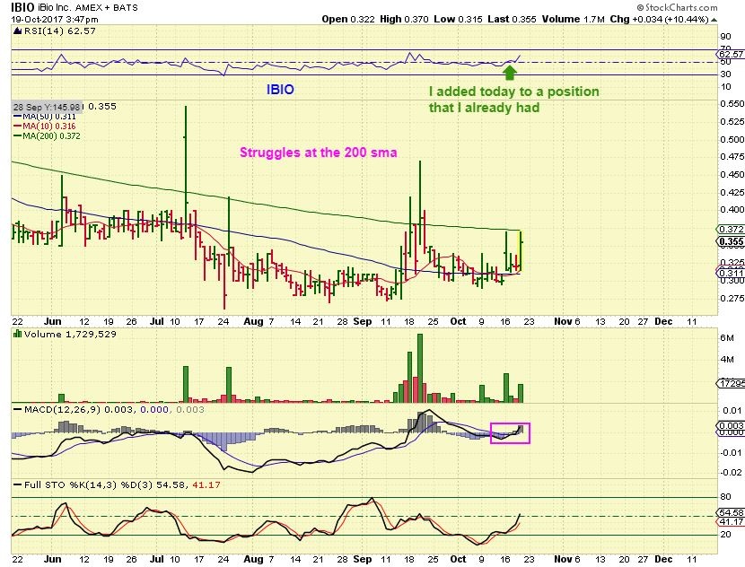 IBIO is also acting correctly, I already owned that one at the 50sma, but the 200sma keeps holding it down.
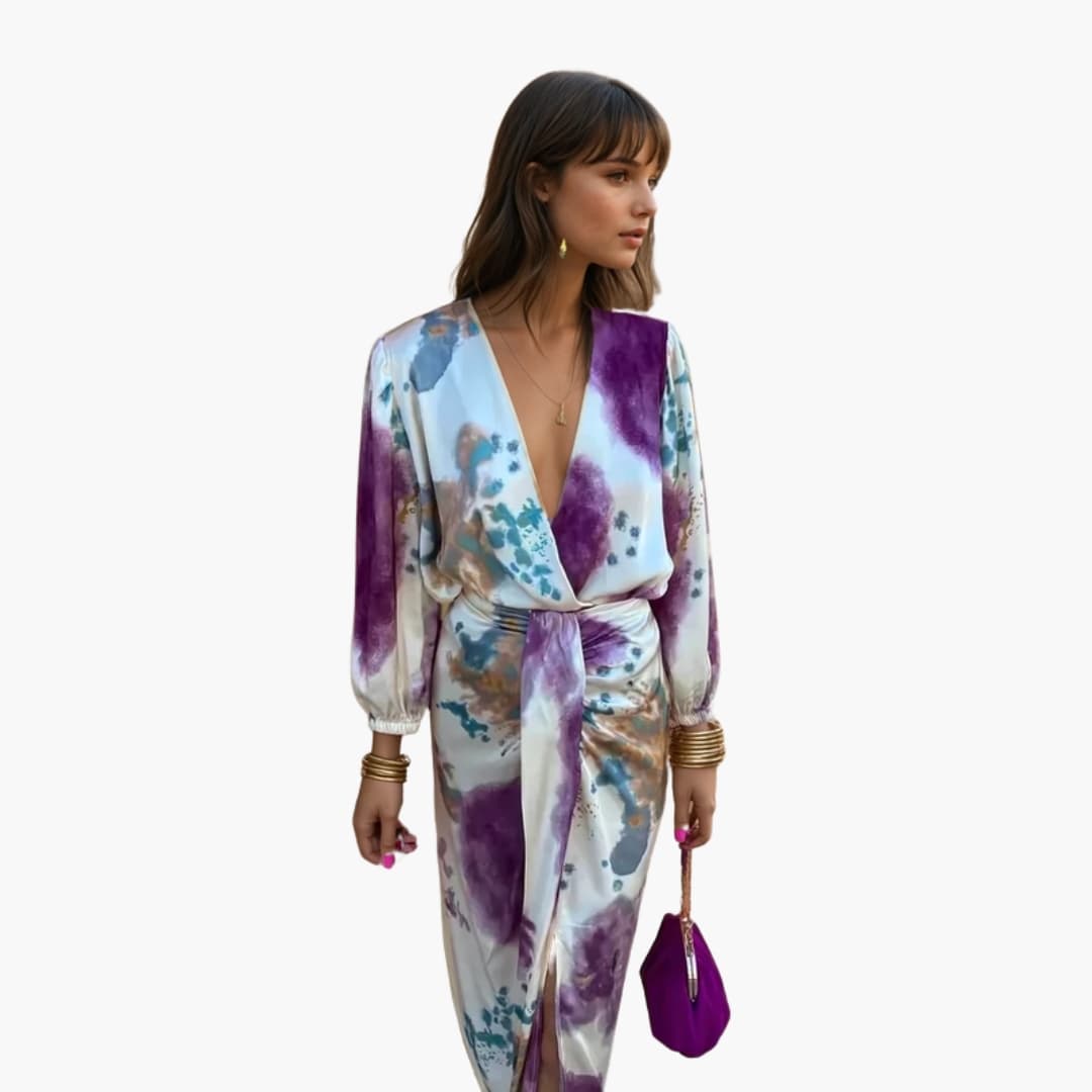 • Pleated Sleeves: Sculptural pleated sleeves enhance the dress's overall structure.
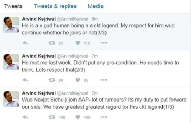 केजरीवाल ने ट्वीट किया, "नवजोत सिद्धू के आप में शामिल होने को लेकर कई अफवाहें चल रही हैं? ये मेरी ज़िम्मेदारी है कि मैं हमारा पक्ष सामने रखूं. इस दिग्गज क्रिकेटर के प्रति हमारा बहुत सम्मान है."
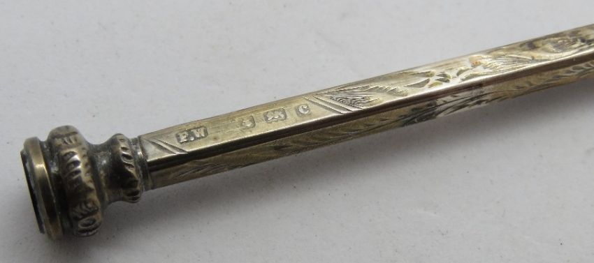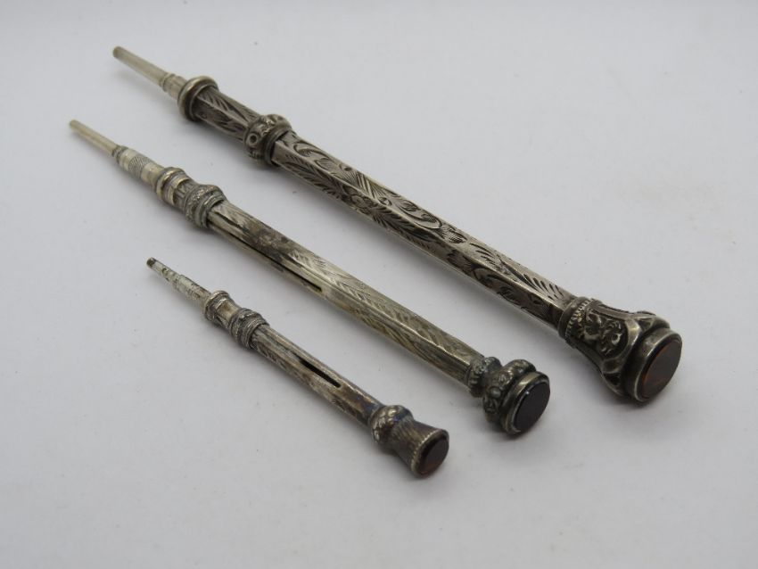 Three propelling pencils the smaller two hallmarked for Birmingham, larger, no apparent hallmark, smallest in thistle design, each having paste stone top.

__What you are asked to do__.
Leave the pictures out and output exactly the lines above, from the start of the listing through the line with "dress's overall structure.".

__Result of the exercise__.
 IBIO is also acting correctly, I already owned that one at the 50sma, but the 200sma keeps holding it down.
 • Pleated Sleeves: Sculptural pleated sleeves enhance the dress's overall structure.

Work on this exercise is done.